▶ **PROVIDED MATERIAL**:
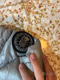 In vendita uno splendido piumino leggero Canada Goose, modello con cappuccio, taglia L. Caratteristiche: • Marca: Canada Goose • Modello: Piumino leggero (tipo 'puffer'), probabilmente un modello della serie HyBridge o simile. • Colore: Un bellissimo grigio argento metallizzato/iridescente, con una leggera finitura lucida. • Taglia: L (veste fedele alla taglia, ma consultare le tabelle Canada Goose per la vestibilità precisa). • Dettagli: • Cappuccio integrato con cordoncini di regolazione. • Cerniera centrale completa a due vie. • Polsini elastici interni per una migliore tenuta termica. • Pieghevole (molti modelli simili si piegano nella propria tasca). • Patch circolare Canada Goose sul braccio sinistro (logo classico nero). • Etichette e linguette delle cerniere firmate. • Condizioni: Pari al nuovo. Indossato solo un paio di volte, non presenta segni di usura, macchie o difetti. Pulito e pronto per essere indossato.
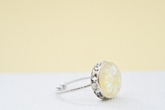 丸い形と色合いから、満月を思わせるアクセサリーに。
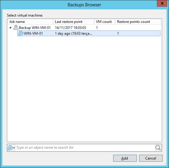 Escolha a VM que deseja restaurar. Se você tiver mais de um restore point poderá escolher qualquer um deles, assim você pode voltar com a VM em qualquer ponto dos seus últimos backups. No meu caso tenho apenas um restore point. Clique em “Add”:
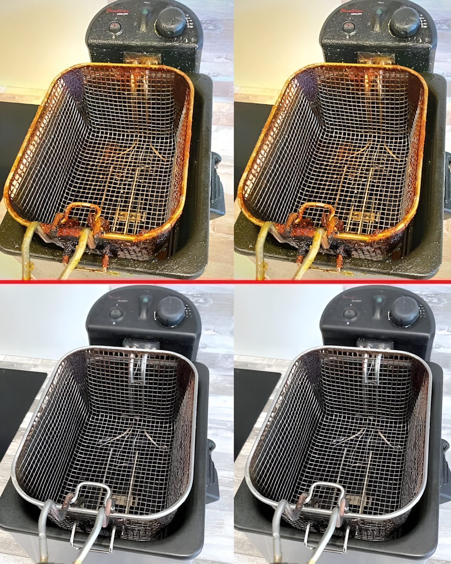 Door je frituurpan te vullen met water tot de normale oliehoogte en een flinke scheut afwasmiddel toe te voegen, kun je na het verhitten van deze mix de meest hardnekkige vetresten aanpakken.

▶ **EXERCISE PROMPT**:
Could the lines from the one with "Escolha a VM" through the last line of the material above be written out exactly, both included, with pictures left out?

▶ **RESULT OF THIS TASK**:
 Escolha a VM que deseja restaurar. Se você tiver mais de um restore point poderá escolher qualquer um deles, assim você pode voltar com a VM em qualquer ponto dos seus últimos backups. No meu caso tenho apenas um restore point. Clique em “Add”:
 Door je frituurpan te vullen met water tot de normale oliehoogte en een flinke scheut afwasmiddel toe te voegen, kun je na het verhitten van deze mix de meest hardnekkige vetresten aanpakken.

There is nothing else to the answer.